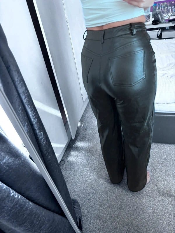 The ASOS Black Leather Straight Leg Trousers is available in sizes S.
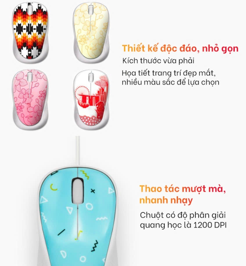 ️ Chuột có dây PMC1005 Artist Series được thiết kế thời trang, nhiều hoa văn trẻ trung phù hợp với sở thích cá nhân.
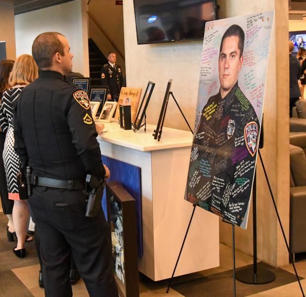 Above, a member of the San Marcos Police Department looks at table full of photos remembering Officer Justin Putnam's life. Daily Record photo by Lance Winter
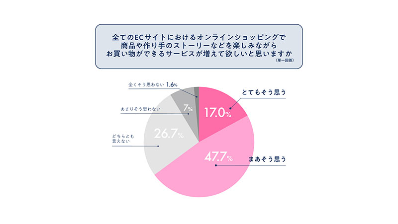 さらに「全てのECサイトにおけるオンラインショッピングで、商品や作り手のストーリー等を楽しみながらお買い物ができるサービスが増えて欲しいと思いますか」質問。「とてもそう思う」「まあそう思う」が合わせて、64.7%という結果になった。
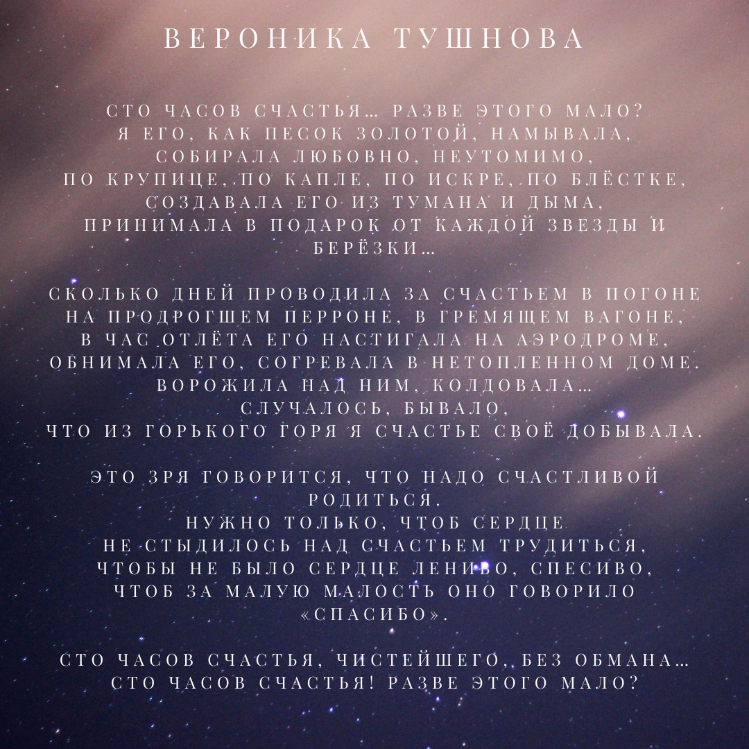 Получилось десять имен и десять текстов. Александр Твардовский «Две строчки» (1943) Ион Деген «Мой товарищ, в смертельной агонии… ... Верника Тушнова «Ночная тревога» (1945) Евгений Винокуров «Москвичи» (1953) Александр Межиров «Воспоминание о пехоте» (1954) Борис Слуцкий «Ко мне на койку сел сержант-казах…
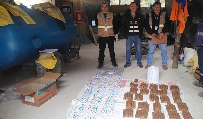Las autoridades incautaron 253 cartuchos de dinamita, 500 metros de mecha de seguridad y 232 cartuchos de emulsión encartuchada. También intervinieron a un hombre de 40 años que cuidaba el material.
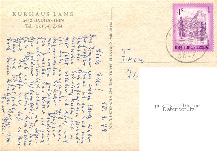 73163227 alte Postkarte Badgastein Kurhaus Lang postalisch gelaufen Erhaltung siehe scans [FriedD77] KatCode: 11390
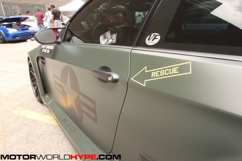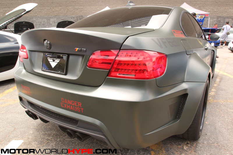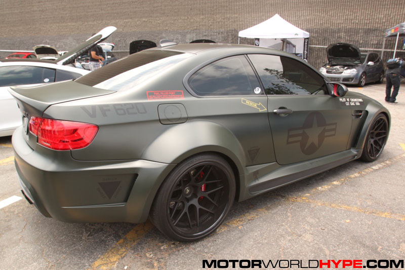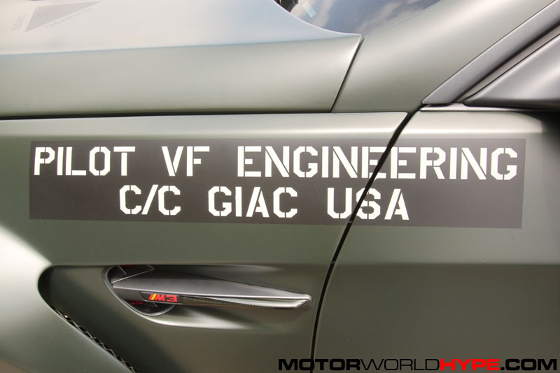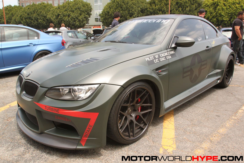 After the participants of the Targa Trophy took off from the starting line in Hollywood last weekend I took a stroll across the street to check out the So Cal Euro car meet. There was a ton of nice examples but what really stopped me in my tracks was this E92 M3 with the Vorsteiner GTRS3 widebody kit built by VF Engineering, complete with an Air Force theme and flat green vinyl wrap! This was easily the freshest car at the meet, and there was a Porsche Carerra GT there!
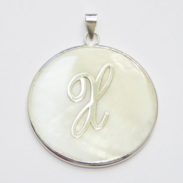 Colgante redondo de nacar con 40.85 mm de diametro y la inicial H Plata de ley de 925 milésimas
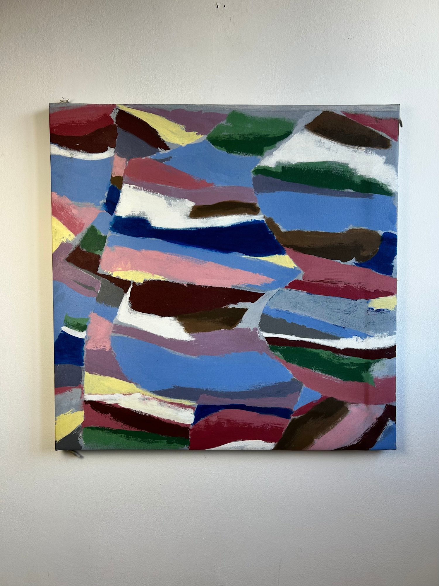 This composition from 2011 unfolds as a rhythmic interplay of curved bands and chromatic layers. The horizontal flow of colour - ranging from cool blues and greens to warm ochres and pinks - captures Gamberini’s search for balance between movement and structure within abstraction.
■ ■ ■
> **Task**
Copy every line exactly, from the opening line of the entries down to the line holding "thích cá nhân.", and keep the pictures out.

> **Answer to the exercise**
 The ASOS Black Leather Straight Leg Trousers is available in sizes S.
 ️ Chuột có dây PMC1005 Artist Series được thiết kế thời trang, nhiều hoa văn trẻ trung phù hợp với sở thích cá nhân.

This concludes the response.